Importance: SARS-CoV-2, which causes COVID-19, poses considerable morbidity and mortality risks. Studies using data collected during routine clinical practice can supplement randomized clinical trials to provide needed evidence, especially during a global pandemic, and can yield markedly larger sample sizes to assess outcomes for important patient subgroups.
Objective: To evaluate the association of remdesivir treatment with inpatient mortality among patients with COVID-19 outside of the clinical trial setting.
Design, Setting, And Participants: A retrospective cohort study in US hospitals using health insurance claims data linked to hospital chargemaster data from December 1, 2018, to May 3, 2021, was conducted among 24 856 adults hospitalized between May 1, 2020, and May 3, 2021, with newly diagnosed COVID-19 who received remdesivir and 24 856 propensity score-matched control patients.
Exposure: Remdesivir treatment.
Main Outcomes And Measures: All-cause inpatient mortality within 28 days of the start of remdesivir treatment for the remdesivir-exposed group or the matched index date for the control group.

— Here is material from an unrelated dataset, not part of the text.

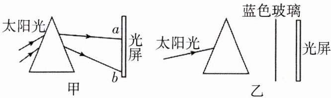 (3)图乙中,在三棱镜和白色光屏之间放一块与光屏等大的蓝色玻璃,白色光屏上呈现的光的颜色为
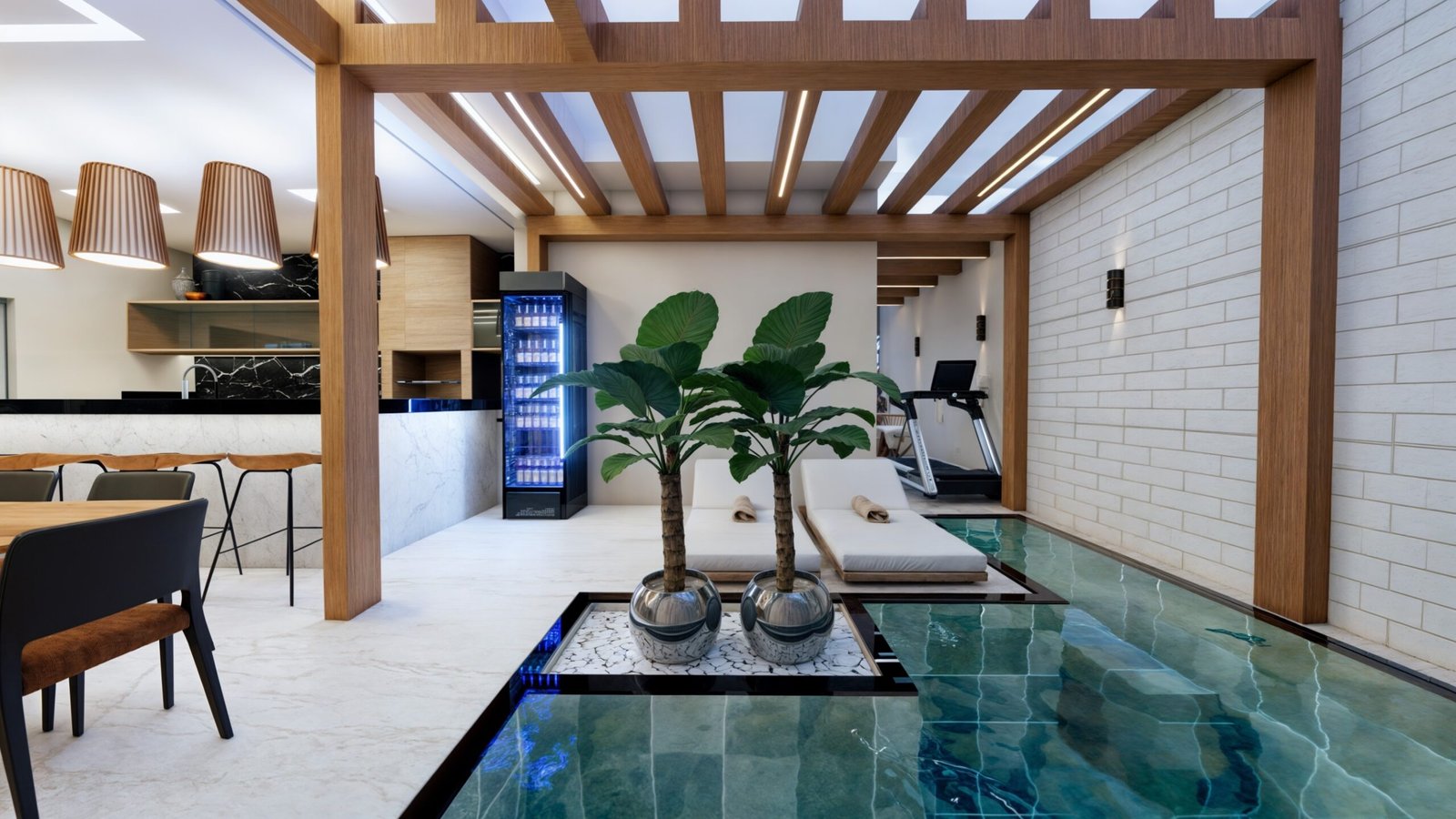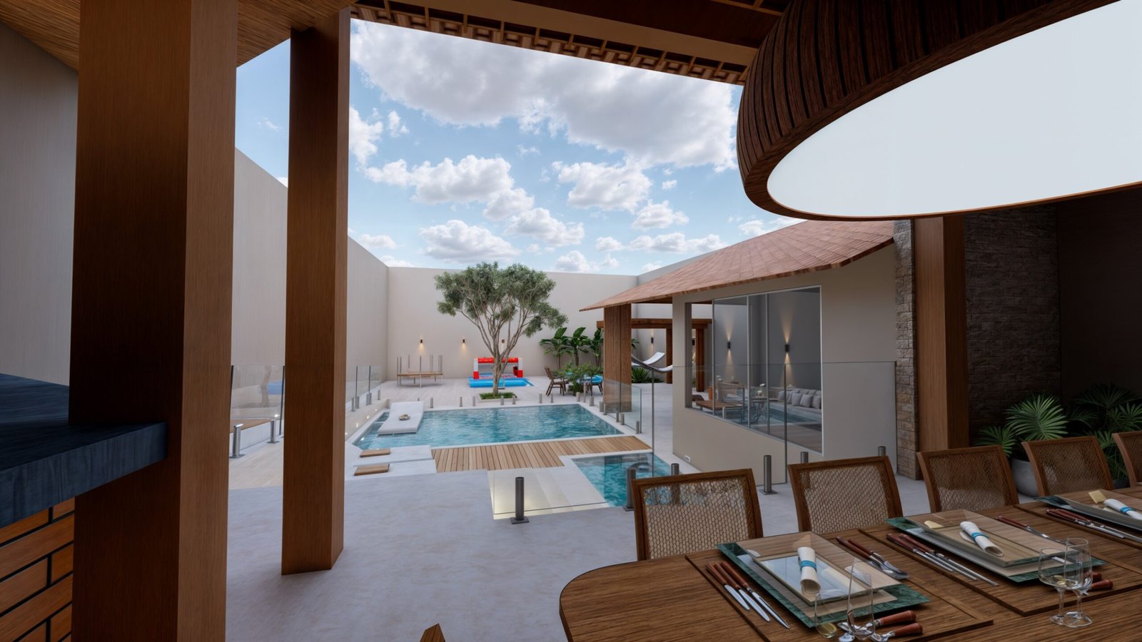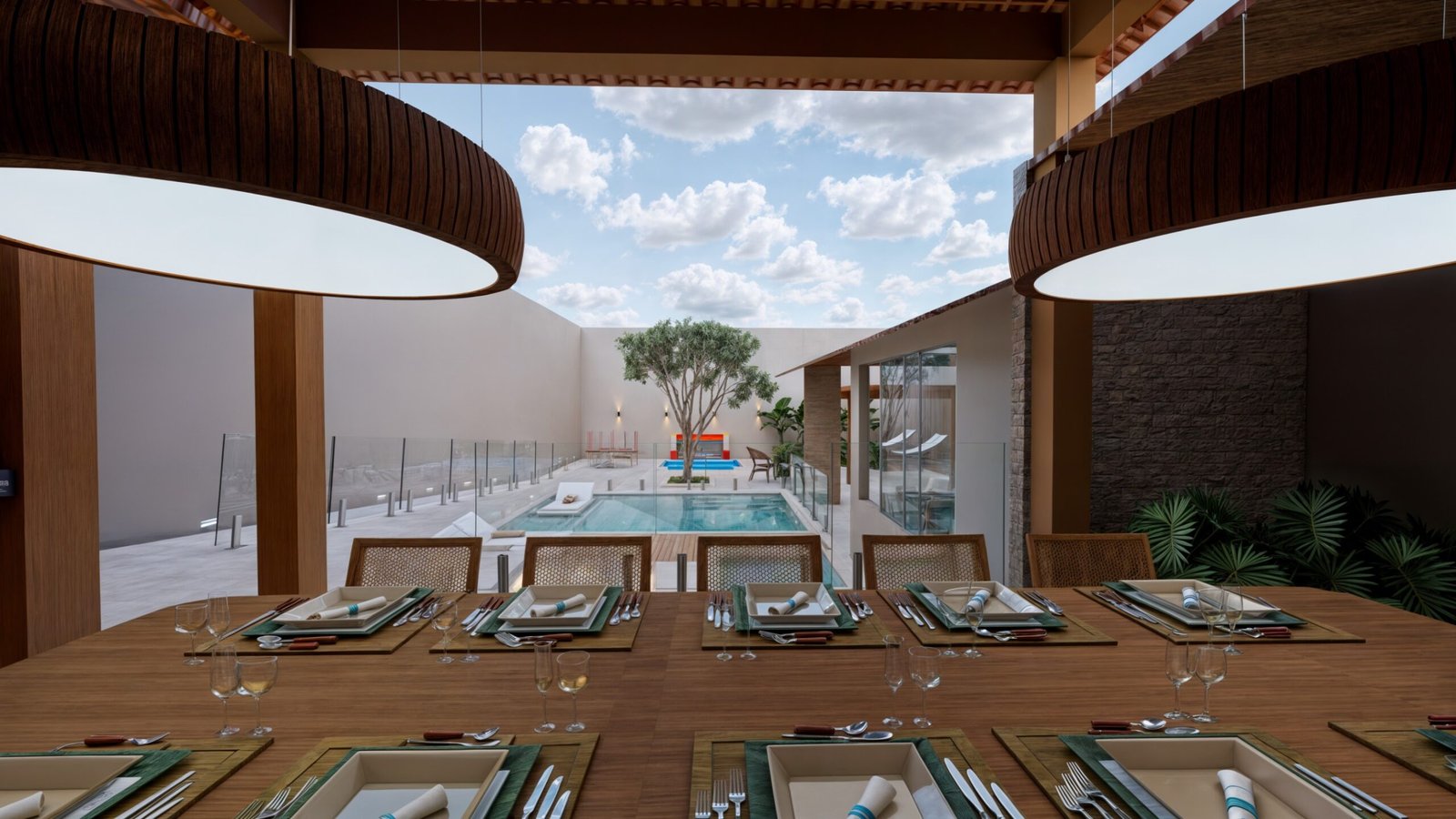 O jardim seco de pedra, no centro da piscina, permite uma interação com algum elemento da natureza, criando gatilhos mentais de descanso e frescor, além de criar uma estética muito agradável e autêntica para o local.

Results: A total of 24 856 remdesivir-exposed patients (12 596 men [50.7%]; mean [SD] age, 66.8 [15.4] years) and 24 856 propensity score-matched control patients (12 621 men [50.8%]; mean [SD] age, 66.8 [15.4] years) were included in the study. Median follow-up was 6 days (IQR, 4-11 days) in the remdesivir group and 5 days (IQR, 2-10 days) in the control group. There were 3557 mortality events (14.3%) in the remdesivir group and 3775 mortality events (15.2%) in the control group. The 28-day mortality rate was 0.5 per person-month in the remdesivir group and 0.6 per person-month in the control group. Remdesivir treatment was associated with a statistically significant 17% reduction in inpatient mortality among patients hospitalized with COVID-19 compared with propensity score-matched control patients (hazard ratio, 0.83 [95% CI, 0.79-0.87]).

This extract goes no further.